TASK DESCRIPTION
Please print the entries exactly, omitting each image.
##### MATERIAL PROVIDED
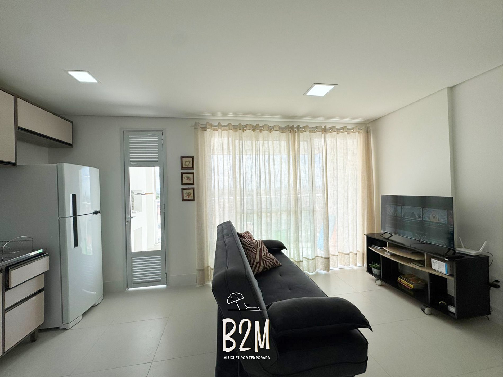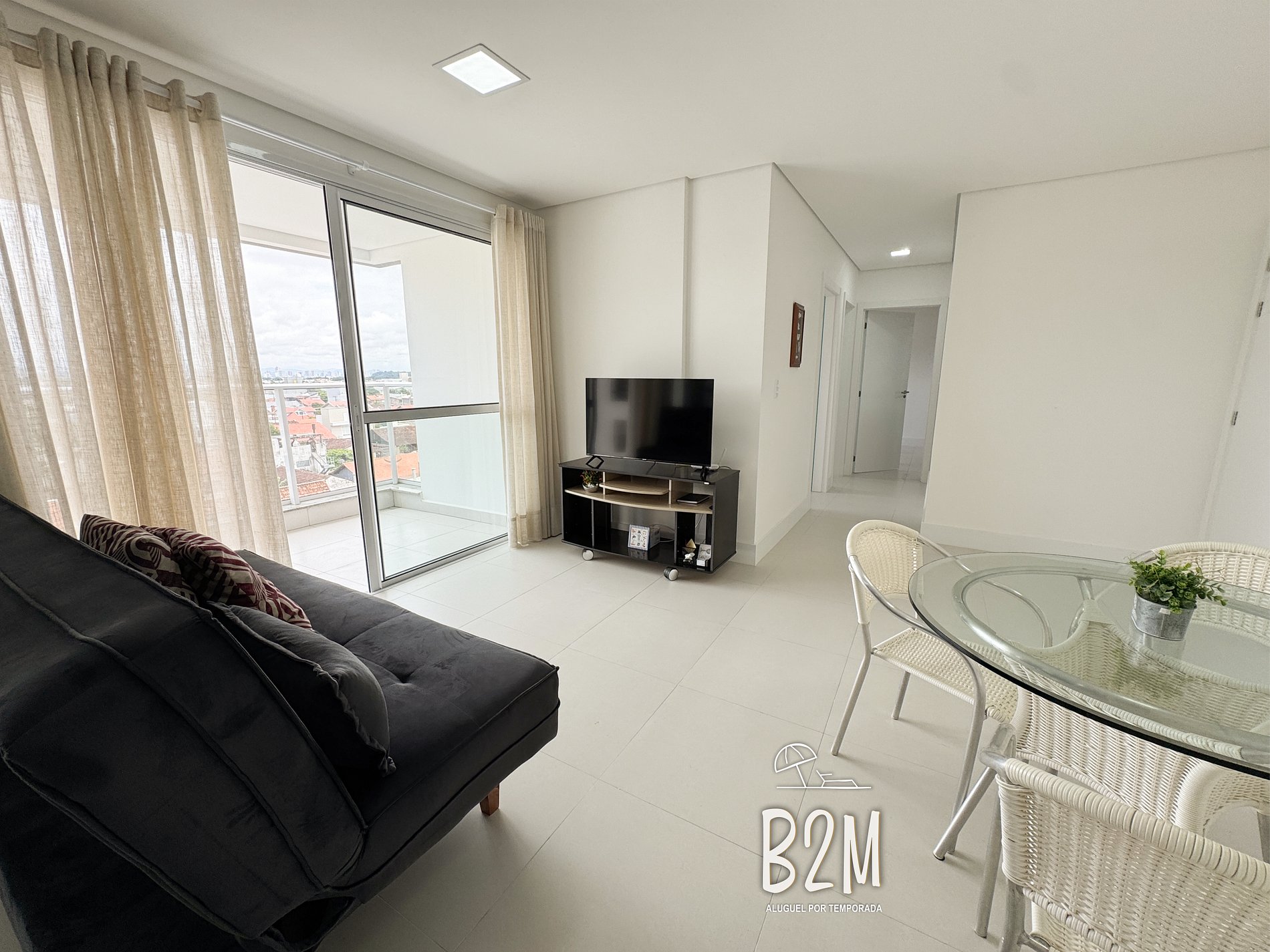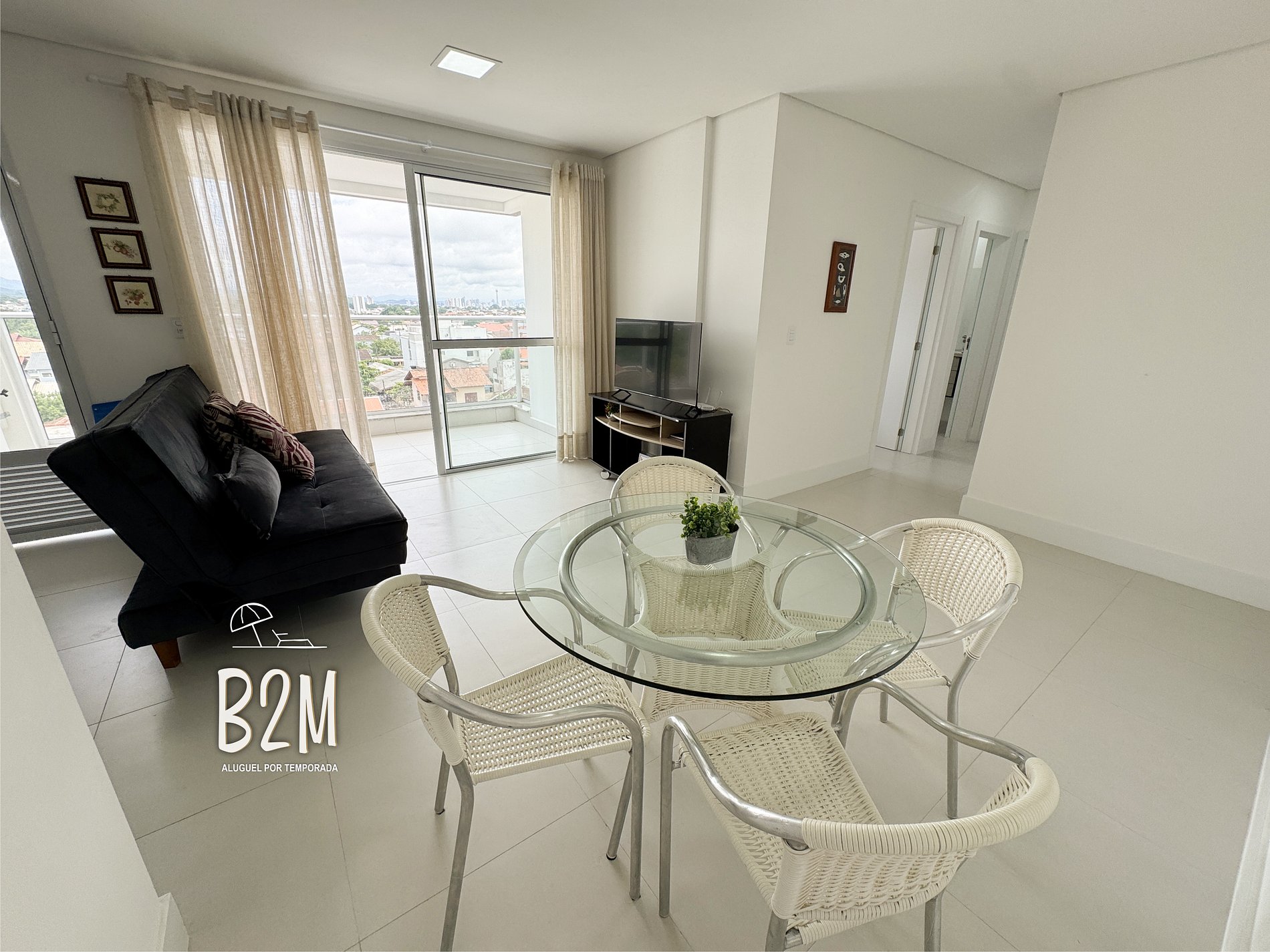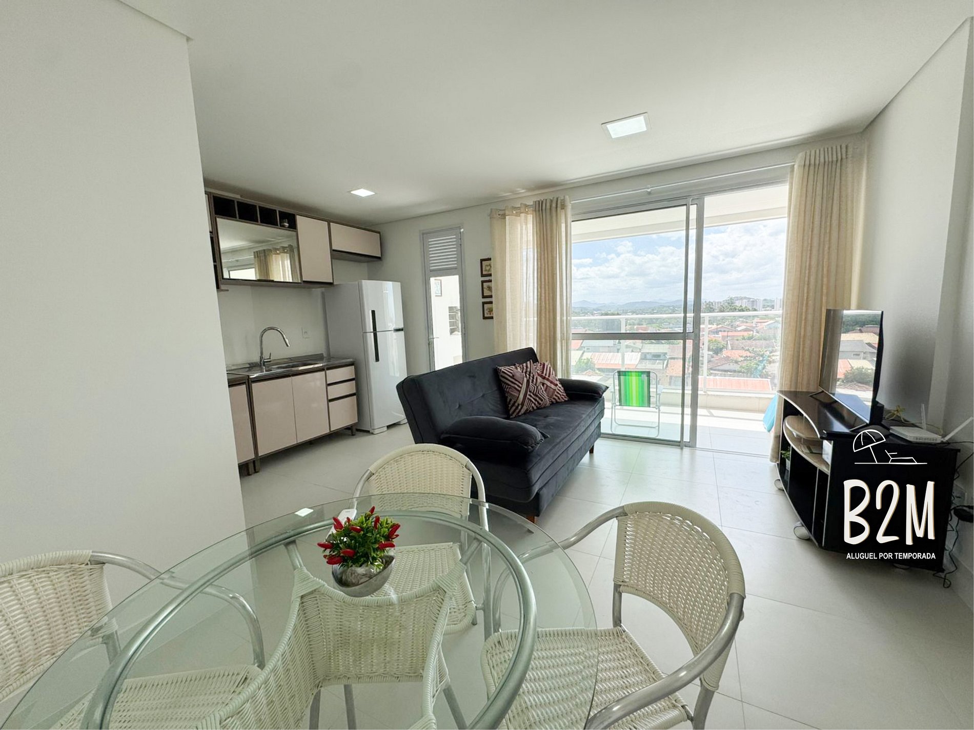 sofá, ar condicionado, internet wifi, mesa de jantar para 4 pessoas.
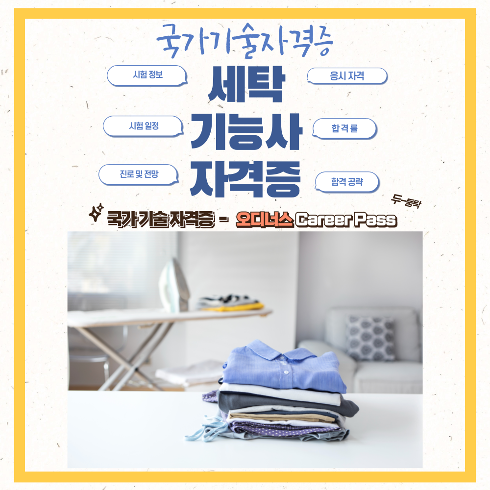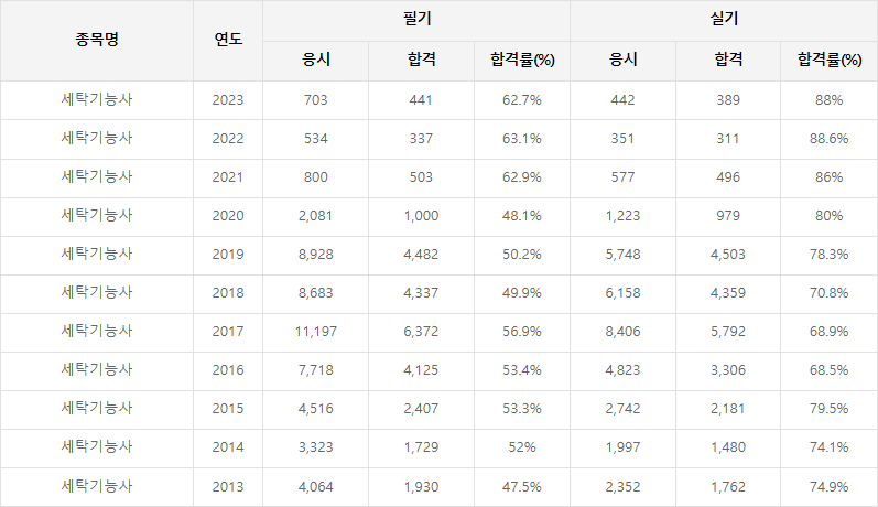 세탁기능사 자격시험은 세탁대상, 세탁방법, 세탁관리 3개의 과목으로 이루어져 있으며 총 60문항으로 이루어져 있습니다. 세탁기능사의 경우, 타 국가기술 자격과 비교했을 때 합격률이 상당히 높은 편입니다. 세탁기능사 합격률은 매년 필기시험의 경우 약 50%, 실기시험의 경우는 80% 정도로, 그만큼 난이도가 높지 않다고 말할 수 있습니다. 또한, 필기시험은 문제은행식으로 출제가 되기 때문에, 기출문제만 몇 번 풀어봐도 어렵지 않게 시험에 합격할 수 있습니다.
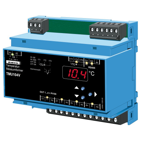 Der Messstellenmultiplikator TMU104V misst die Temperatur an einem angeschlossenen Sensor und wandelt diese in 4 isolierte Signale Pt100 (RTD) um. Über die Schnittstelle RS485 kann es als Simulator für bis zu 4 Pt100-Signale verwendet werden.
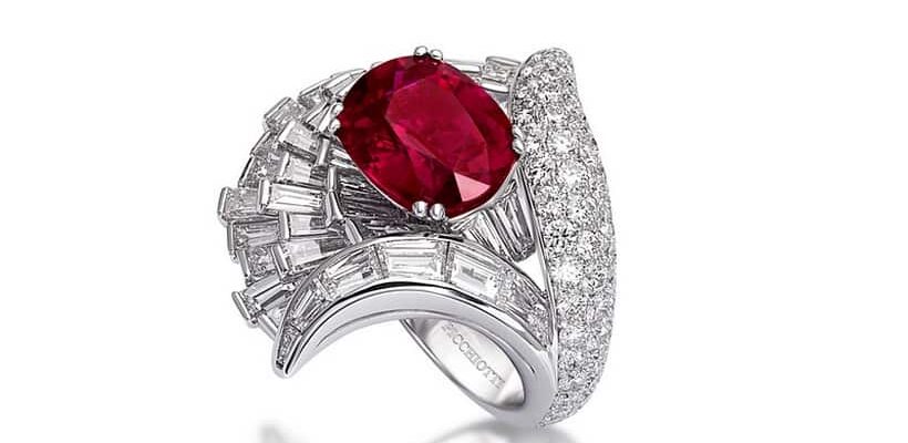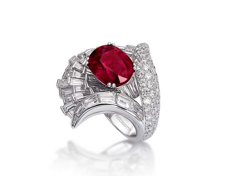 Но вернемся к кольцу, посвященному 50-летию Пиккиотти. Напоминающее амфитеатр, это драгоценное кольцо украшено потрясающим рубином в сердцевине, драгоценным камнем, который был классифицирован как полностью натуральный, без термической обработки или улучшения цвета, что делает это украшение абсолютной редкостью. Идеальный драгоценный камень искали повсюду, готовясь к празднованию мастерства и мастерства Picchiotti.
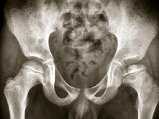 Ostéochondrite de hanche gauche à un stade plus avancé de fragmentation. L'os nécrosé commence à se résorber pour faire apparaître des îlots cartilagineux (en noir) au sein de l'épiphyse fémorale atteinte.
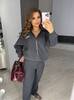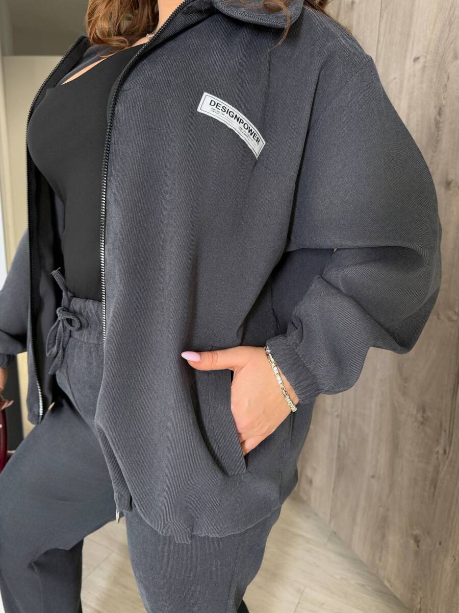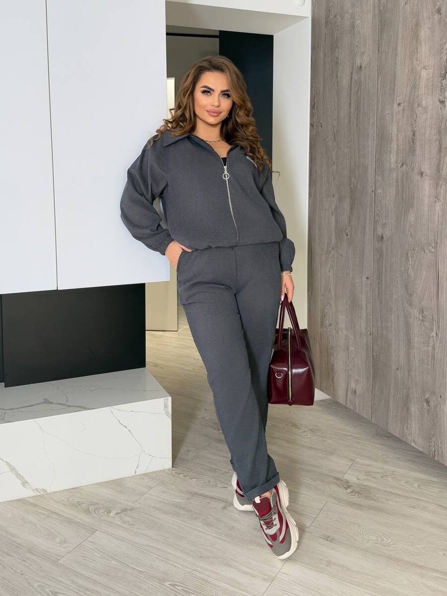 Кофтина зі спущеними рукавами, застібаеться на блискавку, низ регулюється кулискою. Як завжди зручні кишені та привабливий комірець.Брюки універсальні, трохи завужені до низу, мають дві кишені, єластичний пояс теж регулюються кулискою. І як завжди з гарною посадкою. Пасує до будь якої сітуації, окрім того дуже комфортний.
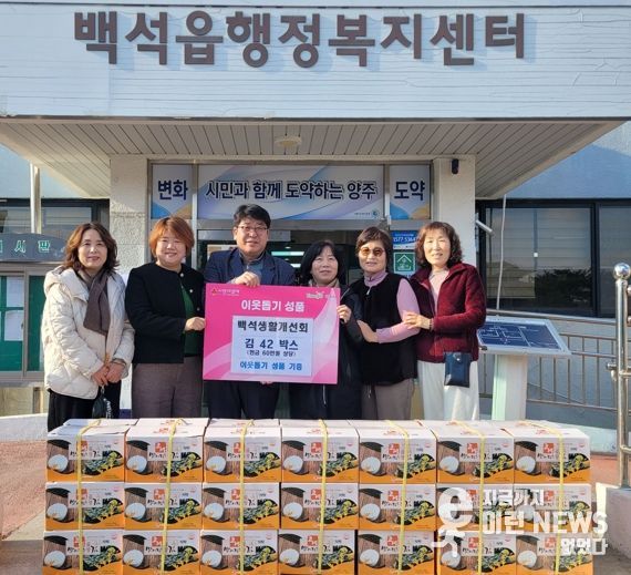 이런뉴스(e-runnews) 김삼성 기자 | 백석생활개선회가 지난 27일 백석읍 행정복지센터를 방문해 관내 취약계층을 위한 김 40박스를 기탁했다.
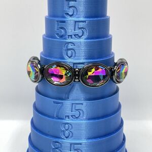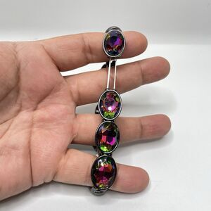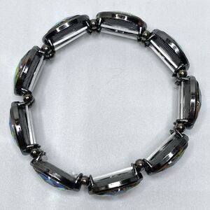 Gun Metal Black AB Glass Oval Cut Stretch Bracelet Gothic Statement 6.5"
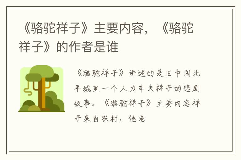 《骆驼祥子》讲述的是旧中国北平城里一个人力车夫祥子的悲剧故事。
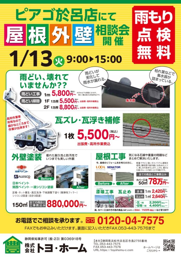 1月13日㈫ピアゴ於呂店さんにて屋根・外壁相談会を開催します。
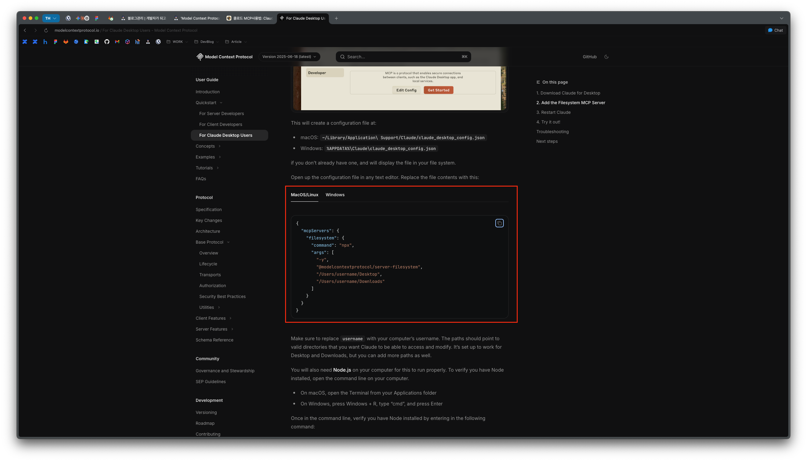 - 공식 문서에 있는 내용을 mcpServers의 내용만 복사하여 붙여 넣었습니다.
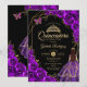 Invitation Quinceanera Purple Gold Butterfly Dress Floral
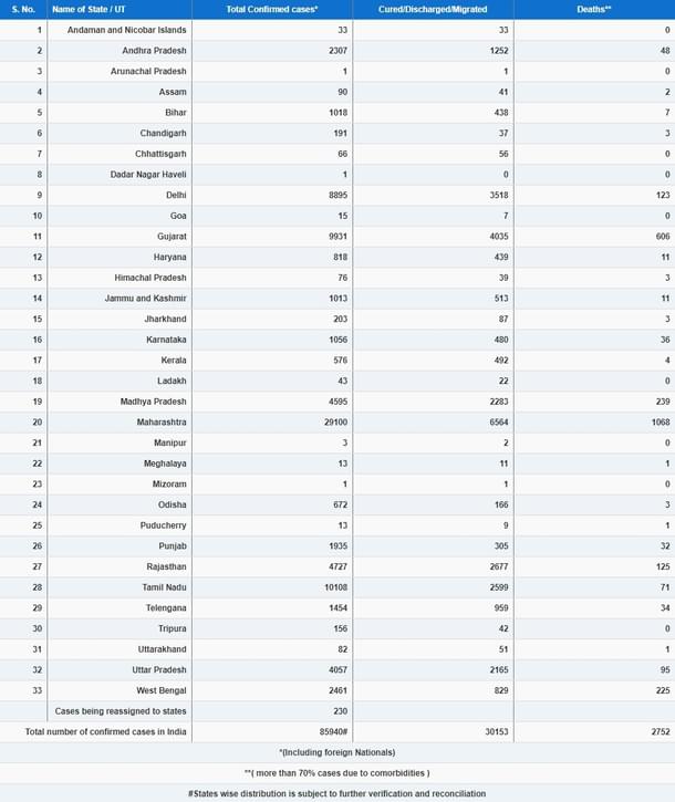 Other major states that have reported more than 1,000 cases, are West Bengal (2,461), Andhra Pradesh (2,307), Punjab (1,935), Telangana (1,454), Karnataka (1,018), and Jammu and Kashmir (1,013).
##########
THE COMPLETED TASK
 sofá, ar condicionado, internet wifi, mesa de jantar para 4 pessoas.
 세탁기능사 자격시험은 세탁대상, 세탁방법, 세탁관리 3개의 과목으로 이루어져 있으며 총 60문항으로 이루어져 있습니다. 세탁기능사의 경우, 타 국가기술 자격과 비교했을 때 합격률이 상당히 높은 편입니다. 세탁기능사 합격률은 매년 필기시험의 경우 약 50%, 실기시험의 경우는 80% 정도로, 그만큼 난이도가 높지 않다고 말할 수 있습니다. 또한, 필기시험은 문제은행식으로 출제가 되기 때문에, 기출문제만 몇 번 풀어봐도 어렵지 않게 시험에 합격할 수 있습니다.
 Der Messstellenmultiplikator TMU104V misst die Temperatur an einem angeschlossenen Sensor und wandelt diese in 4 isolierte Signale Pt100 (RTD) um. Über die Schnittstelle RS485 kann es als Simulator für bis zu 4 Pt100-Signale verwendet werden.
 Но вернемся к кольцу, посвященному 50-летию Пиккиотти. Напоминающее амфитеатр, это драгоценное кольцо украшено потрясающим рубином в сердцевине, драгоценным камнем, который был классифицирован как полностью натуральный, без термической обработки или улучшения цвета, что делает это украшение абсолютной редкостью. Идеальный драгоценный камень искали повсюду, готовясь к празднованию мастерства и мастерства Picchiotti.
 Ostéochondrite de hanche gauche à un stade plus avancé de fragmentation. L'os nécrosé commence à se résorber pour faire apparaître des îlots cartilagineux (en noir) au sein de l'épiphyse fémorale atteinte.
 Кофтина зі спущеними рукавами, застібаеться на блискавку, низ регулюється кулискою. Як завжди зручні кишені та привабливий комірець.Брюки універсальні, трохи завужені до низу, мають дві кишені, єластичний пояс теж регулюються кулискою. І як завжди з гарною посадкою. Пасує до будь якої сітуації, окрім того дуже комфортний.
 이런뉴스(e-runnews) 김삼성 기자 | 백석생활개선회가 지난 27일 백석읍 행정복지센터를 방문해 관내 취약계층을 위한 김 40박스를 기탁했다.
 Gun Metal Black AB Glass Oval Cut Stretch Bracelet Gothic Statement 6.5"
 《骆驼祥子》讲述的是旧中国北平城里一个人力车夫祥子的悲剧故事。
 1月13日㈫ピアゴ於呂店さんにて屋根・外壁相談会を開催します。
 - 공식 문서에 있는 내용을 mcpServers의 내용만 복사하여 붙여 넣었습니다.
 Invitation Quinceanera Purple Gold Butterfly Dress Floral
 Other major states that have reported more than 1,000 cases, are West Bengal (2,461), Andhra Pradesh (2,307), Punjab (1,935), Telangana (1,454), Karnataka (1,018), and Jammu and Kashmir (1,013).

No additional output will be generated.